- Antibodies in research
- Animal-free antibody technologies
- Benefits of animal-free antibody technologies
- Adopting animal-free antibody technologies
- Case studies
- Further reading
In vitro antibody production and animal-free antibody technologies offer reagents that provide scientific and 3Rs advantages over animal-derived products . Despite this, there has been little shift towards using them in common research practice. This resource provides guidance on animal-free antibody technologies and their adoption.
Animal-derived antibody production typically involves immunising between one and three animals (usually mice or rabbits, but sometimes sheep, chickens, goats or donkeys) per target. Multiple attempts are often needed to generate antibodies for certain targets, further increasing animal use.
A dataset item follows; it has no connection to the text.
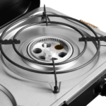 Die zwei Kochstellen sind unabhängig steuerbar, jede mit eigener Zündung und Drehregler. Während links der Kaffee kocht, kannst du rechts schon dein Frühstück braten – multitasking wie ein Profi.

An estimated one million animals are used per year in the EU alone for antibody production .
Demand for antibodies continues to rise, with the global research antibodies market size estimated to reach $5.6 billion USD by 2027 . However, animal-derived antibodies are expensive and prone to instability during storage, have variable specificity, and can suffer from batch-to-batch variation, adversely affecting the reproducibility of research . The loss in time and resources from poorly characterised antibodies is estimated at $800 million USD per year .
There are two main types of animal-free antibody technologies:
- Non-animal-derived antibodies: antibodies developed using in vitro recombinant libraries that do not use animal immunisation during their generation or production.
- Affinity reagents: synthetically derived polypeptides or oligonucleotides that bind to defined, specific targets with high affinity comparable to animal-derived antibodies.
Non-animal-derived antibodies and affinity reagents are mature technologies that are commercially available, are amenable to most research applications and offer significant scientific benefits (summarised in Table 1). This is supported by a recent review from the EU Reference Laboratory for alternatives to animal testing (EURL ECVAM)  which recommends that animals should no longer be used for the development and production of antibodies for research.
Specificity – epitope, conformation and cross-reactivity are defined during the production process and cross-reactivity can be eliminated.
Design – can be designed for a broader range of targets, for example, human targets conserved across species, small molecules and those that are non-immunogenic.
Stability – many non-animal technologies are stable through wider pH ranges, temperatures and in various solvents.
Unlimited supply – as the sequence is known, there is no limit to, or variation of, the antibodies produced.
Faster production – recombinant antibodies from established libraries can be produced in a matter of weeks.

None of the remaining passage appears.